Potential topics include, but are not limited to:

  • Data mining techniques in mobile and sensor networks
  • Data stream processing in mobile and sensor networks
  • Data fusion techniques in mobile and sensor networks
  • Social data mining through distributed mobile sensing
  • Application of data mining techniques in mobile and sensor networks
  • Distributed data mining techniques for mobile and sensor networks
  • Mobile and sensor network data analytics
  • Challenges for data mining in distributed mobile and sensor networks

Statistics in Data Science

Intensive-data-driven research is empowering theoretical breakthroughs and high-tech innovations, enabling new methodologies in academic discovery, and offering new sustainable means to solve significant societal and economic challenges and understand the world. Data science is a very fast growing research domain which embedded the combination of computational (i.e. computer-intensive) and inferential (i.e. statistics-oriented) thinking, with the notion of Microdata to Big Data. Since the core theories in computer science and statistical science were developed separately, there is an oil and water problem to be surmounted in data science.

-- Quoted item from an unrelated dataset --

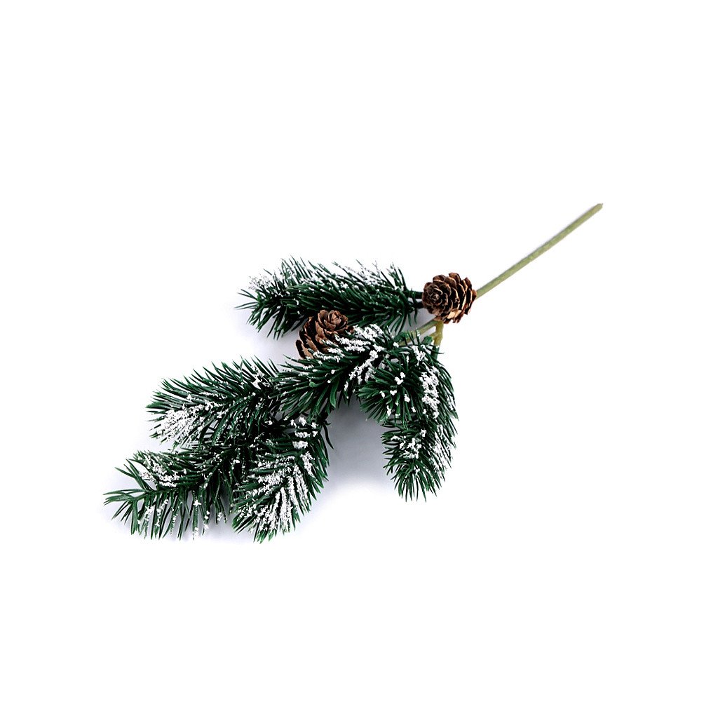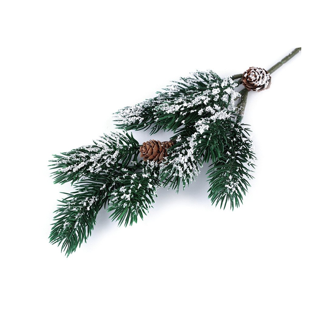 Der dekorative Tannenzweig wird durch natürliche Tannenzapfen ergänzt. Es ist leicht mit Kunstschnee bestreut. Dank des Drahtes können Sie den Zweig formen. Verwendung: Verwenden Sie den Zweig für Weihnachts- und Winterblumenarrangements. Es fällt auf Kränzen, in Truhen, aber auch in Ikebanas und Vasen auf.

For an example, the basic statistical theory does not have a place for runtime and other computational resources while core computer science theory does not have a place for statistical risk and inferential resources. As well, the most appealing challenge in Microdata is the simulation of detailed population characteristics, while in Big Data is the potential of personalised attributes. This session welcomes the full range of submissions, ranging from methodological contributions to case studies involving statistics based modellings or decisions making process (e.g., Bayesian thinking, spatial statistics, machine learning methods, modern statistics, or novel modelling techniques) in data science.

We ask that each submission include a statement about possible implications for resolving some computational and inferential challenges in data science with special focus to data mining, combining data, computation, and inferences – that is – as wide as from computing statistics or running machine learning algorithms to estimating reliability measures including standard errors and confidence intervals on their outputs in any fields.